You are viewing a plain text version of this content. The canonical link for it is here.
Posted to dev@kafka.apache.org by "Ismael Juma (JIRA)" <ji...@apache.org> on 2016/07/27 00:27:21 UTC

[jira] [Updated] (KAFKA-3428) Remove metadata sync bottleneck from mirrormaker's producer

     [ https://issues.apache.org/jira/browse/KAFKA-3428?page=com.atlassian.jira.plugin.system.issuetabpanels:all-tabpanel ]

Ismael Juma updated KAFKA-3428:
-------------------------------
    Fix Version/s:     (was: 0.10.0.1)
                   0.10.1.0

> Remove metadata sync bottleneck from mirrormaker's producer
> -----------------------------------------------------------
>
>                 Key: KAFKA-3428
>                 URL: https://issues.apache.org/jira/browse/KAFKA-3428
>             Project: Kafka
>          Issue Type: Improvement
>    Affects Versions: 0.9.0.1
>            Reporter: Maysam Yabandeh
>             Fix For: 0.10.1.0
>
>
> Due to sync on the single producer, MM in a setup with 32 consumer threads could not send more than 
> 358k msg/sec hence not being able to saturate the NIC. Profiling showed the producer.send takes 0.080 ms in average, which explains the bottleneck of 358k msg/sec.
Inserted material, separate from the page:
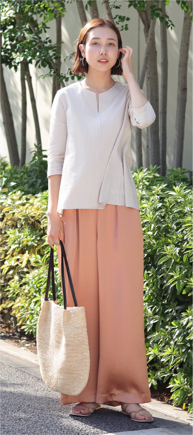 スタッフコーデはこちら上下ベージュ系でまとめた今年らしいコーディネート!夏に活躍するシアサッカー素材のトップスはウエストに切り替えがあるので着やせ効果が叶う嬉しいアイテム。同色のサテンパンツを合わせたリラックス感のあるコーディネートがおすすめです!

The following explains the bottleneck in producer.send and suggests how to improve it.
> Current impl of MM relies on a single reducer. For EACH message, the producer.send() calls waitOnMetadata which runs the following synchronized method
> {code}
>         // add topic to metadata topic list if it is not there already.
>         if (!this.metadata.containsTopic(topic))
>             this.metadata.add(topic);
> {code}
> Although the code is mostly noop, since containsTopic is synchronized it becomes the bottleneck in MM.
> Profiling highlights this bottleneck:
> {code}
> 100.0% - 65,539 ms kafka.tools.MirrorMaker$MirrorMakerThread.run
>   18.9% - 12,403 ms org.apache.kafka.clients.producer.KafkaProducer.send
>   13.8% - 9,056 ms org.apache.kafka.clients.producer.KafkaProducer.waitOnMetadata
>   12.1% - 7,933 ms org.apache.kafka.clients.Metadata.containsTopic
>   1.7% - 1,088 ms org.apache.kafka.clients.Metadata.fetch
>   2.6% - 1,729 ms org.apache.kafka.clients.Metadata.fetch
>   2.2% - 1,442 ms org.apache.kafka.clients.producer.internals.RecordAccumulator.append
> {code}
> After replacing this bottleneck with a kind of noop, another run of the profiler shows that fetch is the next bottleneck:
> {code}
> org.xerial.snappy.SnappyNative.arrayCopy	 132 s (54 %)	n/a	n/a
> 	java.lang.Thread.run	 50,776 ms (21 %)	n/a	n/a
> 	org.apache.kafka.clients.Metadata.fetch	 20,881 ms (8 %)	n/a	n/a
>   6.8% - 16,546 ms org.apache.kafka.clients.producer.KafkaProducer.waitOnMetadata
>   6.8% - 16,546 ms org.apache.kafka.clients.producer.KafkaProducer.send
>   6.8% - 16,546 ms kafka.tools.MirrorMaker$MirrorMakerProducer.send
> {code}
> however the fetch method does not need to be syncronized
> {code}
>     public synchronized Cluster fetch() {
>         return this.cluster;
>     }
> {code}
> removing sync from the fetch method shows that bottleneck is disappeared:
> {code}
> org.xerial.snappy.SnappyNative.arrayCopy	 249 s (78 %)	n/a	n/a
> 	org.apache.kafka.common.network.NetworkReceive.readFromReadableChannel	 24,489 ms (7 %)	n/a	n/a
> 	org.xerial.snappy.SnappyNative.rawUncompress	 17,024 ms (5 %)	n/a	n/a
> 	org.apache.kafka.clients.producer.internals.RecordAccumulator.append	 13,817 ms (4 %)	n/a	n/a
>   4.3% - 13,817 ms org.apache.kafka.clients.producer.KafkaProducer.send
> {code}
> Internally we have applied a patch to remove this bottleneck. The patch does the following:
> 1. replace HashSet with a concurrent hash set
> 2. remove sync from containsTopic and fetch
> 3. pass a replica of topics to getClusterForCurrentTopics since this synchronized method access topics at two locations and topics being hanged in the middle might mess with the semantics.
> Any interest in applying this patch? Any alternative suggestions?



--
This message was sent by Atlassian JIRA
(v6.3.4#6332)